Por Carlos Biaosli
Noite de sábado, eu cidadão comum, eleitor, consumidor, contribuinte… Feliz da vida com as prestações que tenho que pagar e com o sorriso da moça do comercial de shampoo que me desperta uma juventude fugaz. Esse sonho de país de classe média que compramos em papel celofane da mediocridade.
Mas ao bem da verdade, o país tem uma história a limpo a passar e a peça Mulheres Vermelhas -qual assisti essa noite- que em síntese trata da luta e da tortura que passaram mulheres contrárias aos regimes de exceção, ajuda-nos a entender nossos anos obscuros de ditadura militar onde familiares não tiveram nem o direito sagrado de enterrar seus filhos assassinados e torturados. E nossa vizinha Argentina nos dando exemplo, quem diria.
Por aqui, nem uma coisa nem outra, nem a condenação de torturadores nefastos, nem o mínimo de podermos saber ao menos a verdade, o que realmente aconteceu a esse país? Inércia tétrica.
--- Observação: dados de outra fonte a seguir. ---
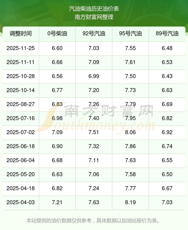 怒江汽油、柴油12月3日的價格是多少錢一升?具體如下:92號汽油為7.03元,下降了0.06元;95號汽油為7.55元,下降了0.06元;89號汽油為6.48元,下降了0.05元;0號柴油為6.6元,下降了0.06元,本輪油價的調整時間為11月25日。下一輪油價調整時間12月8日24時,距離現(xiàn)在還有5.53天。

Já assisti diversos trabalhos do diretor Gilson Filho, conheço sua linha de conduta e de interpretação e também o fio que lhe move às inquietações, porém difícil é não se surpreender, não corro risco em afirmar que Mulheres Vermelhas é seu ápice. Montagem qual o diretor moldou tudo que lhe cabia com a a experiência de décadas dedicadas ao teatro formando uma miscelânea que me fez reviver o bom teatro, dos melhores que pude presenciar. Brigaghão, assim chamado carinhosamente pelos amigos, não teve medo de trabalhar a interação multimídia, também colocou um texto denso num cenário experimental. Tão pouco economizou talento na luz e na maneira que tratou musicalmente o cerne em cena, tudo com muito encaixe à excelência da interpretação de um elenco de mais de duas dezenas de atores em cena. Um trabalho demais profícuo e árduo, creio. A voz (o maior defeito do teatro atual) desse elenco grandioso sempre esteve uniforme de forma primorosa. Os atores e, sobretudo, as atrizes estiveram magnânimos numa altivez e presença de cena muito raro de se encontrar.
Todavia, o encontro com esse teatro choca e a catarse que sucede em mim é genitora desse sentimento do qual ainda não consegui resolver. Compreendo que algo não só na nossa História ficou mal resolvido, mas em mim também.
Depois dessa experiência humana sinto que algo perdi e que não sei como encontrar. Porque esse trabalho em cena claudica cá em mim, fragilizando eu cidadão comum, eleitor, consumidor, contribuinte… E o sorriso da moça do Shampoo não me é mais suficiente. Mulheres Vermelhas é uma experiência de vida única que não esquecerei jamais.